The parents of a child with a history of seizures who has been taking phenytoin (Dilantin) ask the nurse why it's difficult to maintain therapeutic plasma levels of this medication. Which statement by the nurse would be most accurate? a) "Small increments in dosage lead to sharp increases in plasma drug levels." b) "The capacity to metabolize the drug becomes overwhelmed over time." c) "Large increments in dosage lead to a more rapid stabilizing therapeutic effect." d) "A drop in the plasma drug level will lead to a toxic state."

a) "Small increments in dosage lead to sharp increases in plasma drug levels." Within the therapeutic range for phenytoin, small increments in dosage produce sharp increases in plasma drug levels. The capacity of the liver to metabolize phenytoin is affected by slight changes in the dosage of the drug, not necessarily the length of time the client has been taking the drug. Large increments in dosage will greatly increase plasma levels, leading to drug toxicity.

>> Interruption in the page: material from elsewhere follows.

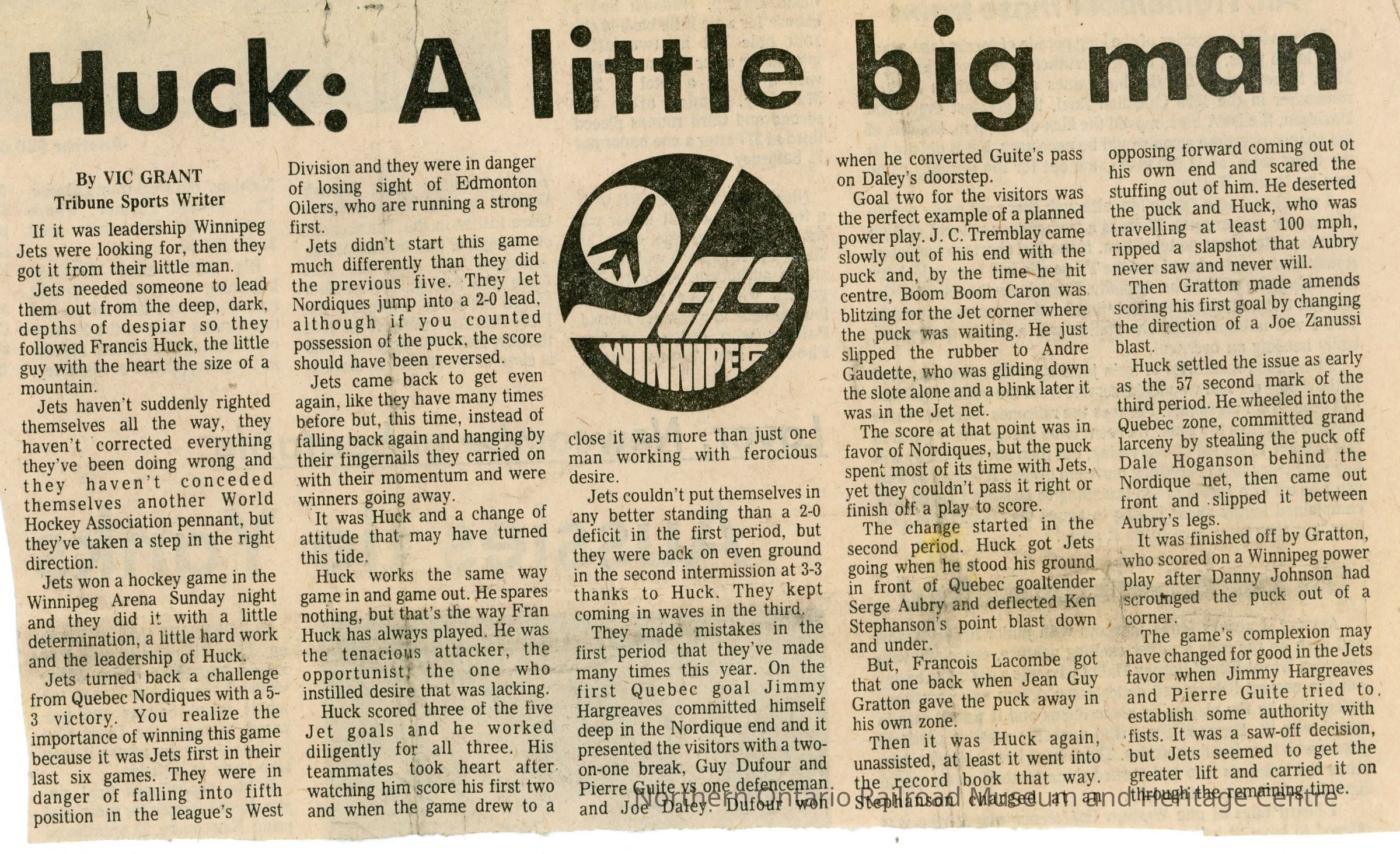 Huck: A Little Big Man" in The Winnipeg Tribune, Monday, December 3, 1973 (Pg 13). Photo of Ray Thomas (next page from preview shown here, pdf is multiple pages) refereeing game.Collection

A 15-year-old adolescent is brought to the emergency department by his parents. The adolescent is febrile with chills that started suddenly. He states, "I had a sinus infection and sore throat a couple of days ago." The nurse suspects bacterial meningitis based on which findings? Select all that apply. a) Negative Brudzinski sign b) Photophobia c) Vomiting d) Complaints of stiff neck e) Absent headache

b) Photophobia c) Vomiting d) Complaints of stiff neck In addition to the adolescent's complaints and history, other findings suggesting bacterial meningitis include complaints of a stiff neck, photophobia, headache, positive Brudzinski sign, and vomiting.

The caregivers of a child who has had difficulty learning to walk notice that when the child attempts to pull himself up to stand, he can't seem to get his legs uncrossed and beside each other. When he is in a standing position, he stays up on his toes. This is different from what they saw with their older children and they are concerned. Further diagnostic tests indicate the child has cerebral palsy. Which type of cerebral palsy do these symptoms indicate? The child has a) Athetoid cerebral palsy b) Ataxic cerebral palsy c) Spastic cerebral palsy d) Rigidity cerebral palsy

c) Spastic cerebral palsy Among other things, spastic cerebral palsy is characterized by scissoring caused by severe hip adduction. When scissoring is present, the child's legs are crossed and the toes are pointed down. When standing, the child is on her or his toes. It is difficult for this child to walk on the heels or run. Ataxic cerebral palsy is essentially a lack of coordination caused by disturbances in the kinesthetic and balance senses; it is characterized by an awkward and wide-based gait. Athetoid cerebral palsy is marked by involuntary, uncoordinated motion with varying degrees of muscle tension. Children with this disorder are constantly in motion; the whole body is in a state of slow, writhing muscle contractions whenever voluntary movement is attempted. Rigidity cerebral palsy is uncommon and is characterized by rigid postures and lack of active movement.